Now we can loop through the keys in our dictionary to perform any further formatting actions on our DataFrames. In this case we will sort the index and also add a moving average column. This is discussed further in our article creating an algorithmic trading prototyping environment.

for etf in etf_data.keys():
    etf_data[etf] = etf_data[etf].sort_index()
    etf_data[etf]['MA5'] = etf_data[etf]['adjusted_close'].rolling(5).mean()

Now we will discuss how to create a multichart figure that displays the OHLC data as candlesticks for each of our five ETFs. For this we will be using the Plotly library as we have done in previous articles but we will be extending the plotting to include subfigures. As we have downloaded the full history from AlphaVantage the first step is to create a mask to filter the data to our desired data range. We create a new dictionary of DataFrames so that our underlying full history is still accessible. We will be using the datetime library.

from datetime import datetime as dt

start = dt(2023, 1, 24)
end = dt(2023, 2, 24)
etf_data_mask = {}

for etf in etf_data.keys():
    mask = (etf_data[etf].index >= start) & (etf_data[etf].index <= end)
    etf_data_mask[etf] = etf_data[etf].loc[mask]

We can look at the filtered data for each ticker as follows:

etf_data_mask['SPY']
Filtered DataFrame from dictionary of ETF dataframes
Date filtered adjusted daily time series DataFrame from ETF_data dictionary

We can now begin creating our ETF multichart subplot. We have data for SPY the ETF for the S&P500 and four other sector ETFs. This example is overtly contrived to demonstrate some of the more technical aspects of plotting with Plotly. We are going to create a mulitchart candlestick figure where the SPY OHCLV chart is larger, spanning a single row (both columns) of the subplot. The other four ETFs will be displayed across a single column on each row.

In order to create the candlestick subplots we will be using Plotly graph objects and subplots libraries. We begin by importing the libraries. Then we define our subplot specification. The Plotly documentation has so great examples of working with Subplots here.
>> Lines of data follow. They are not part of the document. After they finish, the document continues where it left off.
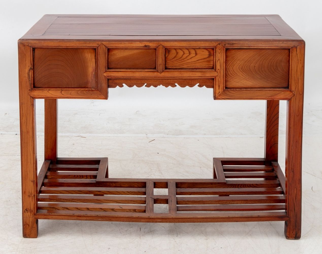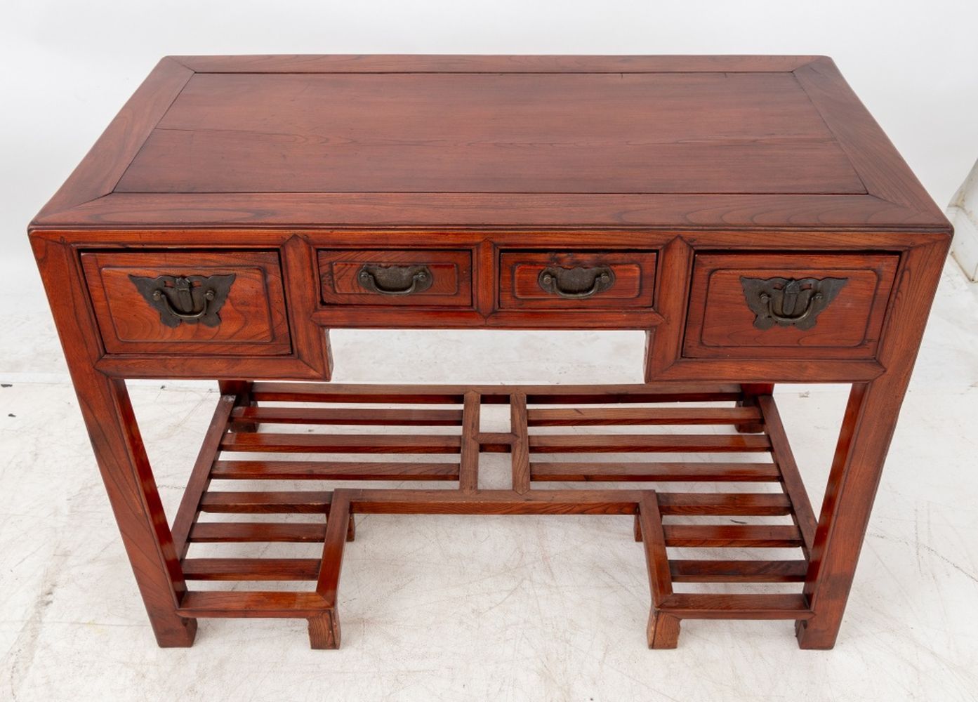 Chinese Elm Writing Desk, 19th century, having four drawers with brass butterfly form drawer pulls and lattice paneled stretcher. 33" H x 44.5" W x 23" D. Provenance: From a West 12th Street Estate. Keywords: Antique Furniture, Asian Furniture, China, Work surface, Hardwood, Bureau, Writing table, Interior design, Decorative Arts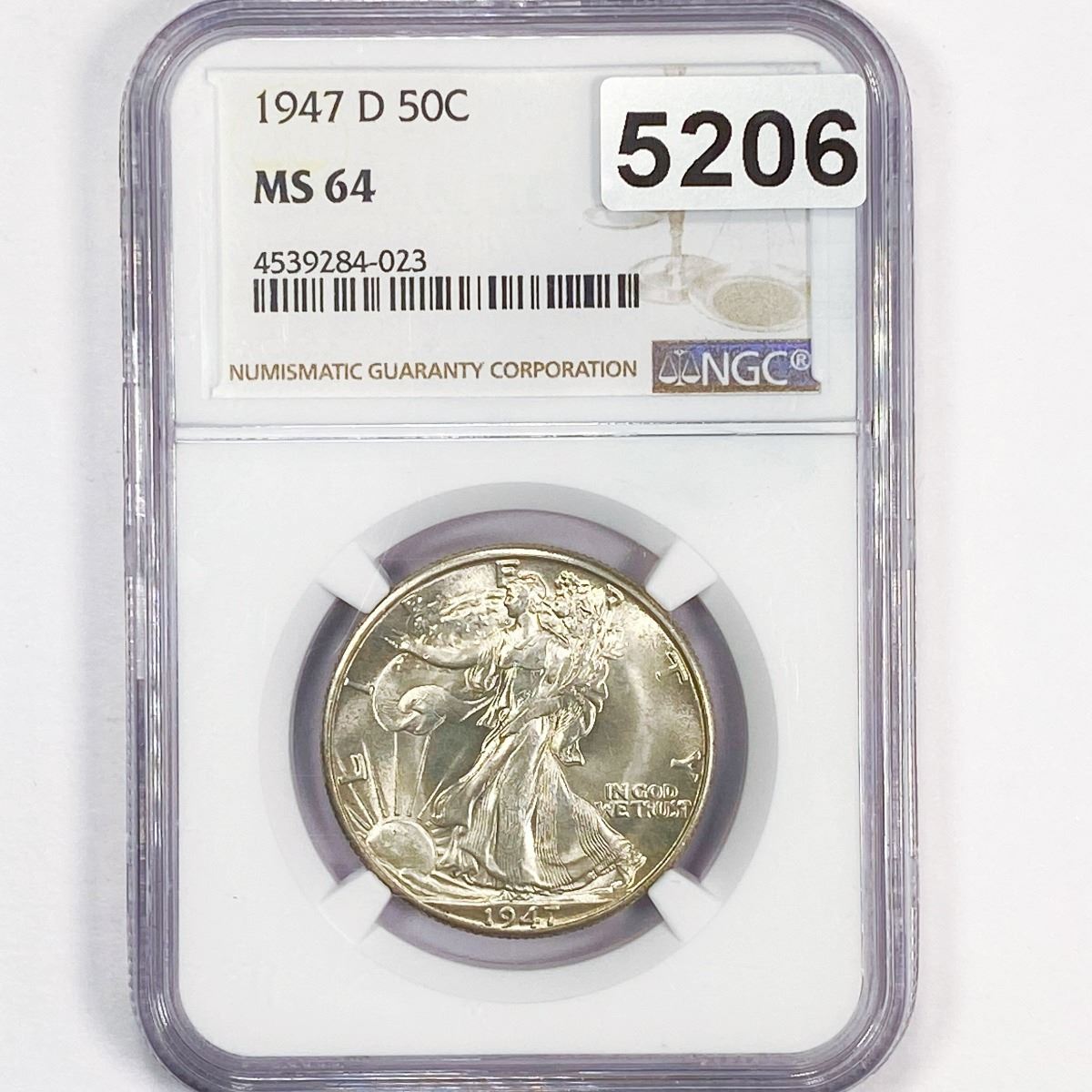 1947-D Walking Liberty Half Dollar NGC - MS64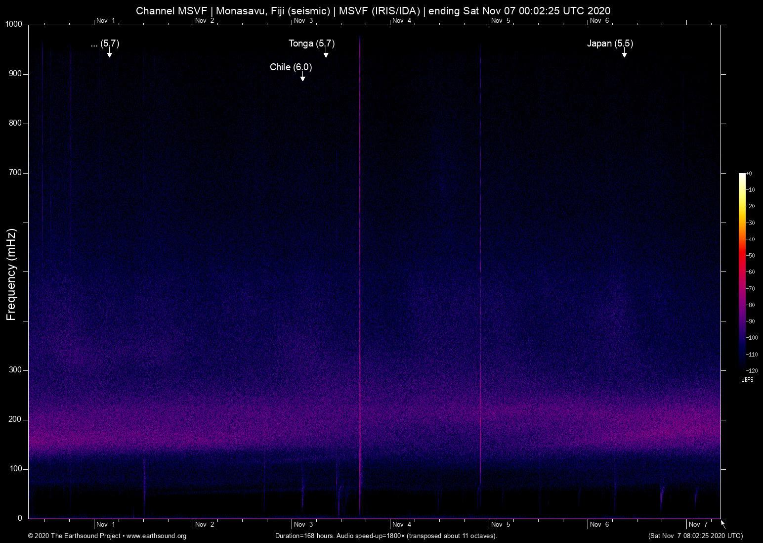 Tue Nov 3 00:18:56 2020 5.7 -177.49 -20.00 6 Tonga (268 km WNW of Haveluloto, Tonga)

The make_subplots class allows us to specify the shape of our subplot using the keyword arguments rows and cols. We need 3 rows and 2 columns. To ensure the first figure is larger we can use the specs keyword. This allows you to define certain parameters for each subplot using a dictionary. The specs keyword argument is an array with the same dimensions as your subplot. As we are using 3 rows and 2 columns our empty array will look as follows:

  specs = [[{}, {}],
         [{}, {}],
         [{}, {}]]

The dictionary at each subplot position allows you to specify colspan for each of the plots. As the default value is 1 we need only specify the colspan for the first subplot. We also set the second column of the first row to be None so that no chart is displayed. As we also want to show the volume on the same chart as the candlesticks, we set the value of secondary_y to True.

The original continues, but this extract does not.